When we move on to the Compressor, there are many choices. The first and foremost and the most common one that is used in the heat pump system is the Scroll Compressors. These are available for commercial AC systems which are now being developed for heat pump systems as well. In the range, it is available from 5 tonnes to about 40 tonnes of refrigeration and for heat pumps, single compressor systems are available up to 50 kW of heating and even up to temperatures of 95 degrees C.

For this, the second type of compressors we have is Screw Compressors which are typically a large compressor which are available from a 200kW up to an MW in size and the temperatures of 60 degrees C and these systems become very expensive especially when you start looking at small applications.

The third is the Reciprocating Compressors which are very commonly available in Refrigerators and are very small systems typically about 100s of Watts but reciprocating compressors are also available in open shaft design. The image that you see here is the Hermetic design which will be also available in open shaft design which can go up to 100s of kilowatts but nevertheless for the kind of application we are dealing with, reciprocating compressors are seldom used because of its complexity and the number of moving parts.

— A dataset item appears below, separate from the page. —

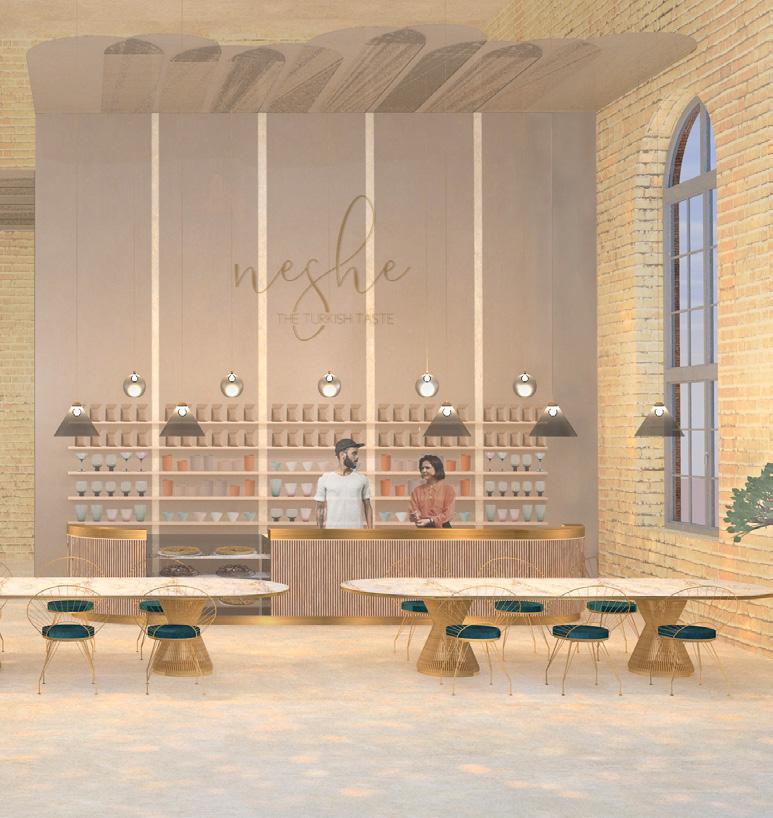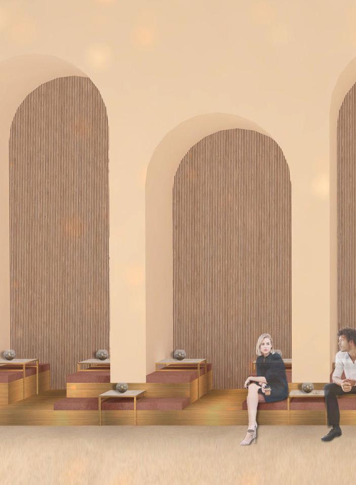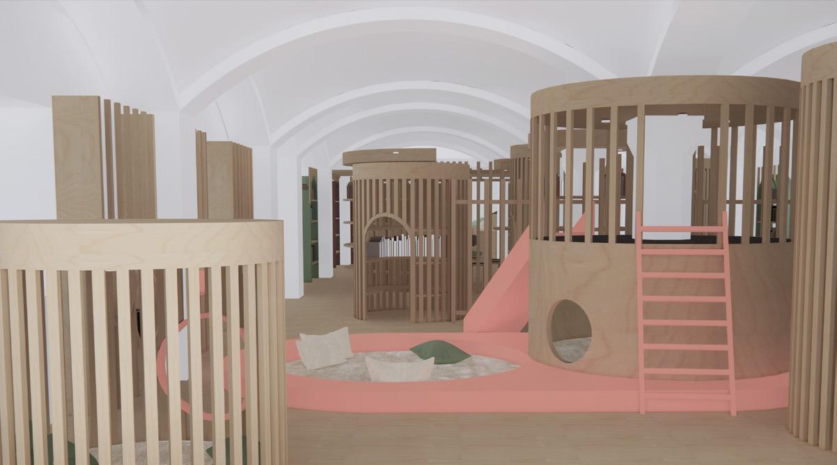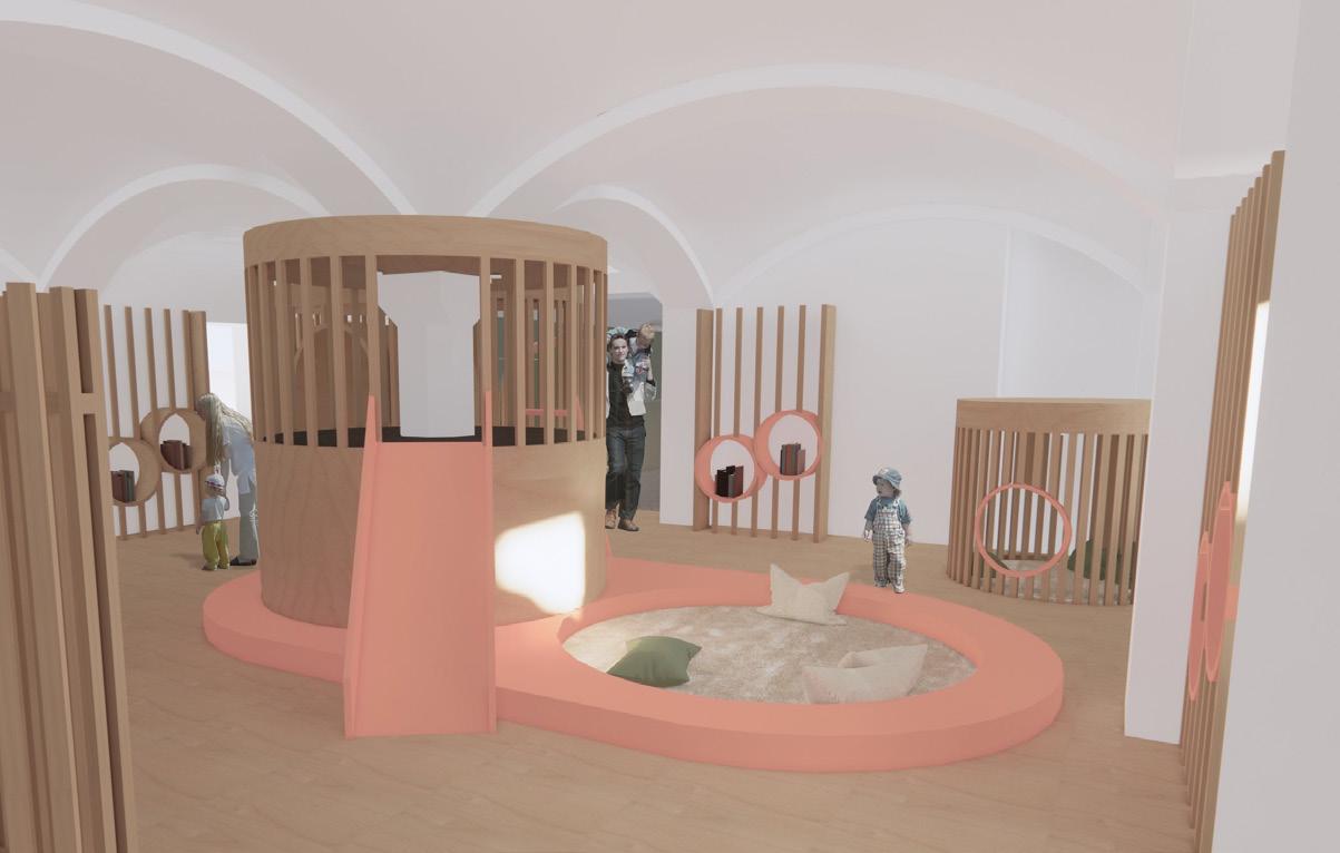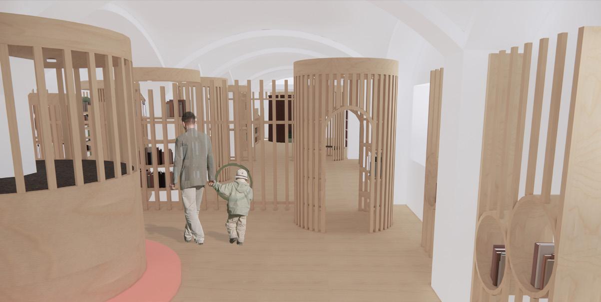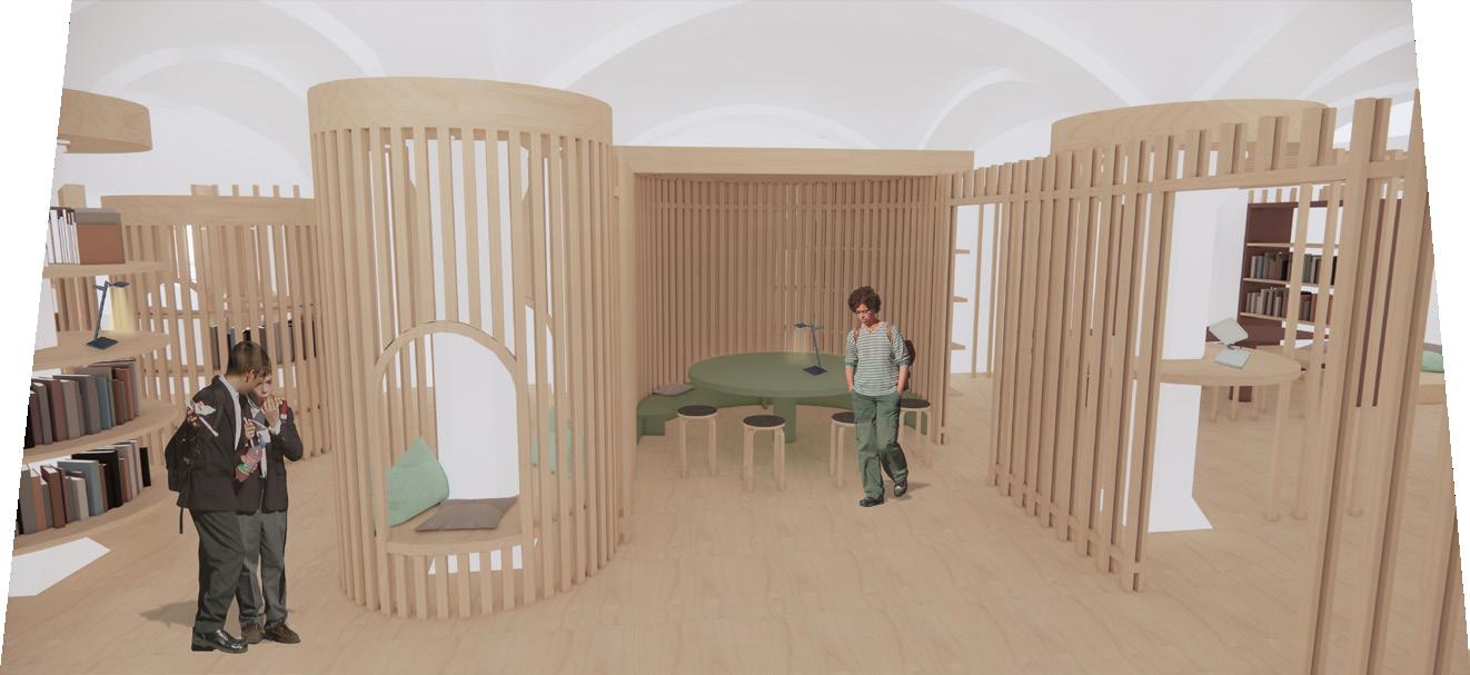 Das von Lena-Marie Schuh und mir entworfene Gästehaus ist eine 200m² große, symetrisch aufgebaute Wohnung. Im Nor den befinden sich die Schlafzimmer, beide jeweils mit einem begehbarem Schrank und privatem Bad. Zusätzlich befindet sich im Flur ein Gäste WC und ein kleiner offener Raum. Diese Bereiche haben eine Raumhöhe von 2,50m. Der südliche Teil des Wonraums hat eine Deckenhöhe von 5,40m. Hier befinden sich Wohnzimmer, Küche und Terasse mit einem Swimming-Pool. Circa ein Viertel des Pools schnei det in die Wohnfläche ein, wodurch eine Überdachung des Schwimmbereichs ermöglicht wird. Im Innenbereich kann diese Einragung als Galerie benutzt werden. Eine weitere Be sonderheit ist das große Fenster zwischen dem Wohn- und Essbereich wodruch viel Tageslicht in die Wohnung gelangt und zusätzlich ein toller Ausblick in die Natur ermöglicht wird. Durch die unterschiedlichen Dachhöhen des Gasthauses ent steht im nördlichen Teil eine große Dachterasse. Diese kann durch die Kragtreppen im Wohnzimmer betretet werden.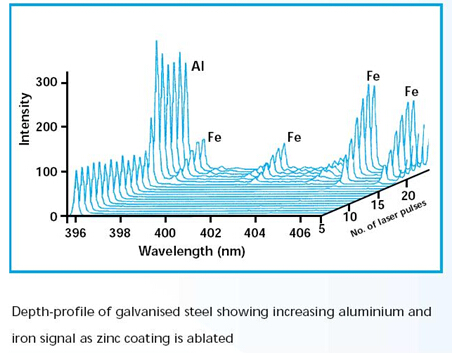 由于激光可以以一種可控的方式來清除表面涂層,因此分層結(jié)構(gòu)的深度輪廓分析可以用LIBS技術(shù)來進行。 在激光不斷“鉆入”到被測材料中的同時用光譜儀對其產(chǎn)生的光輻射進行光譜測量,就可以得到被測材料的構(gòu)成成分元素隨深度變化的函數(shù)。通常這一技術(shù)只能用于那些在典型LIBS系統(tǒng)中激光器的參數(shù)下比較容易去除的材料。比如在鋼材上鋅鍍的過程控制中的成分分析,探測油漆中的重金屬(鉛、鈾、钚等),檢測混凝土的成分污染等。

And the last one is the Rotary Compressor which is now becoming popular in the refrigeration circles because of its capacity of up to 5 tonnes and its ability to handle temperatures up to 60 degrees C. In the heat pumps, it is not commonly found.

Some of the common manufacturers of the system that you know are the Copelon Scroll from Emerson which makes the scroll compressor. They are world leaders in Scroll compressors and in the reciprocating compressors, one of the biggest manufacturers is the Danfoss company which provides from 100s of watts to a couple of kilowatts in size. In the Screw compressor, the screw is typically very complex machine and it is manufactured by very few companies in the world and one of them is Bitzer which has a manufacturing plant in China and it is a German-based company which manufactures the screw compressors and of course, Highly is basically a Hitachi company which manufactures these rotary compressors in Gujarat and this is one of the popular compressors for air conditioning which is currently being evaluated for heat pump applications too.

So, we are going into more detail about the selection of compressors for applications, a little later in the video series, but for today, we will look into what the other components of the heat pump system are, to give you a general overview on what makes a good system.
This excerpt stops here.